The Enbridge Line 3 Replacement Project (completed in 2021) and the soon-to-be-completed Trans Mountain Pipeline Expansion Project, along with potential expansions to existing systems could increase pipeline capacity by more than 1.2 million barrels per day by 2030. However, western Canadian crude production is expected to continue to grow through the decade and could exceed 5.3 million barrels per day (MMb/d) by 2030—growth of about 715,000 b/d compared to 2021.
In addition to supply growth, several other factors could result in a future where the unimpeded flow of Canadian crude oil exports may not be as secure as it currently appears:
- Nameplate pipeline capacity is not equivalent to effective capacity – Pipelines seldom operate at nameplate capacity. For example, there can be seasonal variations in operating rates owing to shifts in the type of crude being shipped that can impact system capacity (heavy crude travels more slowly in pipelines than light crude, lowering effective system capacity). Seasonal pipeline maintenance and occasional operational upsets also mean effective capacity is generally below design capacity.
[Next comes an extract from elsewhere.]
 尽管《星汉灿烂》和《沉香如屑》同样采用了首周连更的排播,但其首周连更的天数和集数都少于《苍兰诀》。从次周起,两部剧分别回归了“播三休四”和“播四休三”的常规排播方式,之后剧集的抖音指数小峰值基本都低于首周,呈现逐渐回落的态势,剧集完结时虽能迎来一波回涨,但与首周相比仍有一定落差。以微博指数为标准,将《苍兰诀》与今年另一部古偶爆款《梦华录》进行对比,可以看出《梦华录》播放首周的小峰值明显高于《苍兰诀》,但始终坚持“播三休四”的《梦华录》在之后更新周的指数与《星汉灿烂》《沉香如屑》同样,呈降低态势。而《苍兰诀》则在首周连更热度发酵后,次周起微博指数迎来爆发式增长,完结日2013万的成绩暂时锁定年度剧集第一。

- Pipelines are not homogenous or interchangeable – some pipelines are dedicated to heavy crude oil transport, while others service only lighter grades. Some more complicated systems (collections of interconnected pipelines) may have some ability to manage shifts in supply of light versus heavy grades. However, the adequacy of the entire western Canadian pipeline system’s export capacity can overstate the capacity available for a particular grade.
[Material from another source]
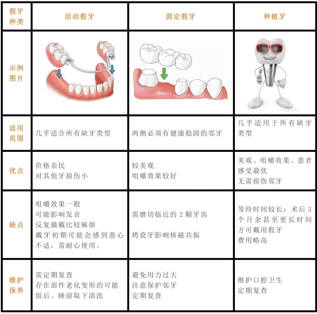 活动假牙:包括局部可摘义齿(少数牙缺失)和全口义齿(全口牙均缺失)。

- Downstream markets will change over time – Canada is unique among major global crude oil exporters in that it relies almost entirely on overland pipeline transport to access end markets. Overland pipeline transport offers less optionality than waterborne transport where exported cargos can move to the greatest source of demand globally. The risk for Canadian producers is that over time and especially as the energy transition accelerates, downstream refinery demand at the end of pipelines could shift. More than 1.3 MMb/d of North American refining capacity has been rationalized in the past 3 years, with more expected.
- Existing pipeline export capacity can decline over time – Pressure limits can be required as pipelines age, reducing throughput capacity. Aging pipelines can be replaced with the latest technology, as was the case with the Line 3 Replacement Project. However, even projects that are designed to increase safety and address any previous shortcomings have met opposition.
- Adequacy of export capacity is linked to crude production – The oil sands outlook has fallen over time and current growth is largely underpinned by existing installed capacity. The oil sands industry has a rich history of technological innovation. New advances could enable a higher production growth rate. A simple 1% annual improvement on a system of more than 3 MMb/d from 2021 to 2030 could result in more than 250,000 b/d of new production. Higher production would increase the risk that supply could exceed export pipeline capacity.
“Straight-forward comparisons between expected export supply and pipeline capacity mask a more complex system,” said Kevin Birn, vice president, GHG estimation and coordination and chief analyst, Canadian oil markets, S&P Global Commodity Insights. “A prudent outlook should consider the real-life constraints and challenges that occur in a pipeline system as complex as that of western Canada, through which currently nearly 4 million barrels of crude oil—from ultra-light to extra-heavy are shipped often thousands of miles each day to dispersed refineries across the continent.”